Raw data:
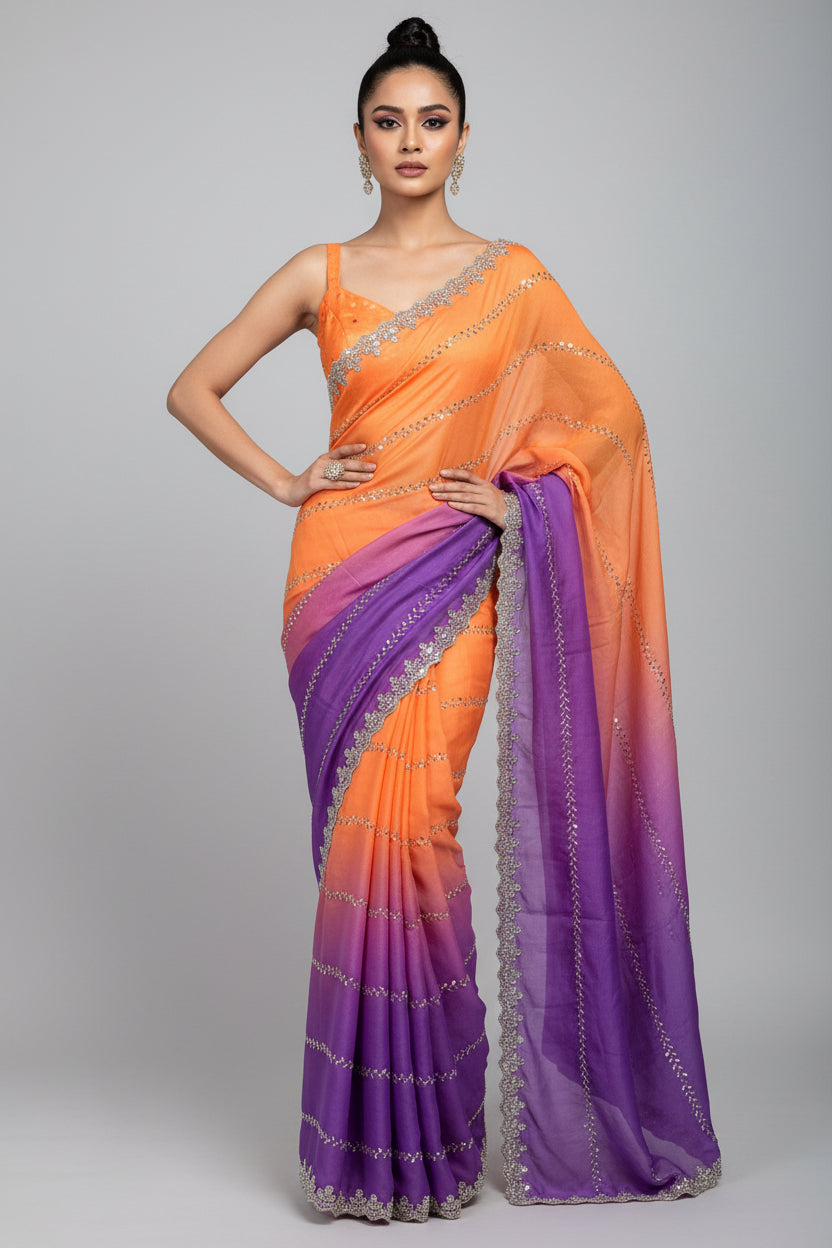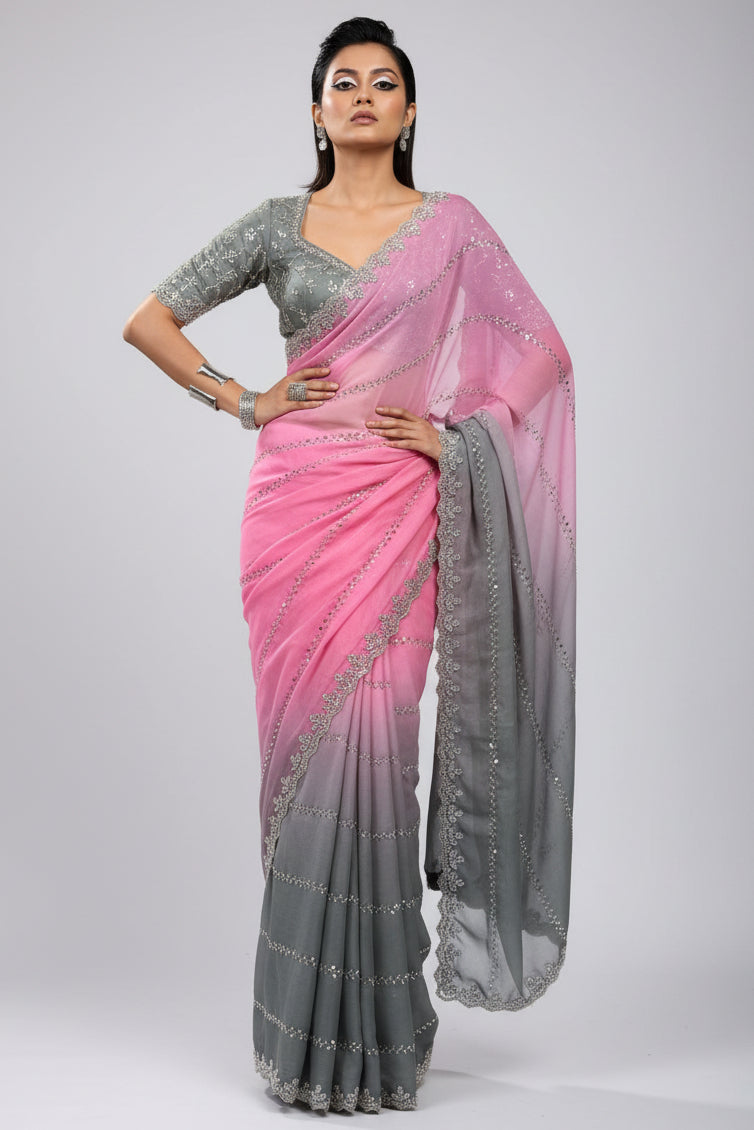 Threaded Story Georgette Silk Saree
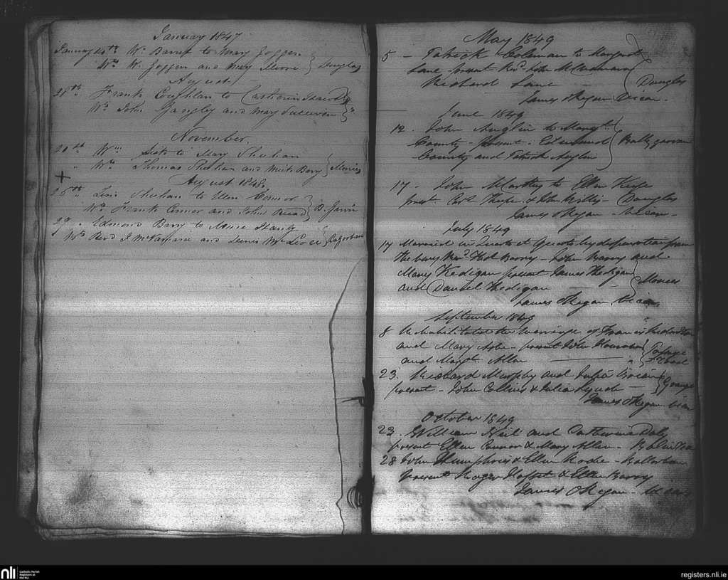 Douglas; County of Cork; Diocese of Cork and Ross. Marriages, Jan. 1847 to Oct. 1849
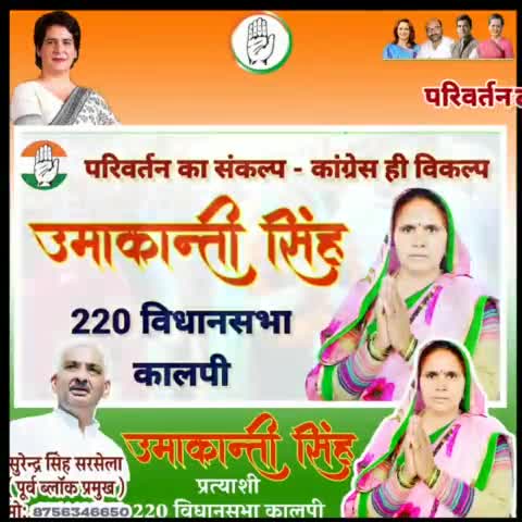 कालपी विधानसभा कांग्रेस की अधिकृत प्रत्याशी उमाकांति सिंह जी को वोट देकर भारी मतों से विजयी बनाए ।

Activity:
An exact reproduction of the data is required, with pictures excluded.

Result for this exercise:
 Threaded Story Georgette Silk Saree
 Douglas; County of Cork; Diocese of Cork and Ross. Marriages, Jan. 1847 to Oct. 1849
 कालपी विधानसभा कांग्रेस की अधिकृत प्रत्याशी उमाकांति सिंह जी को वोट देकर भारी मतों से विजयी बनाए ।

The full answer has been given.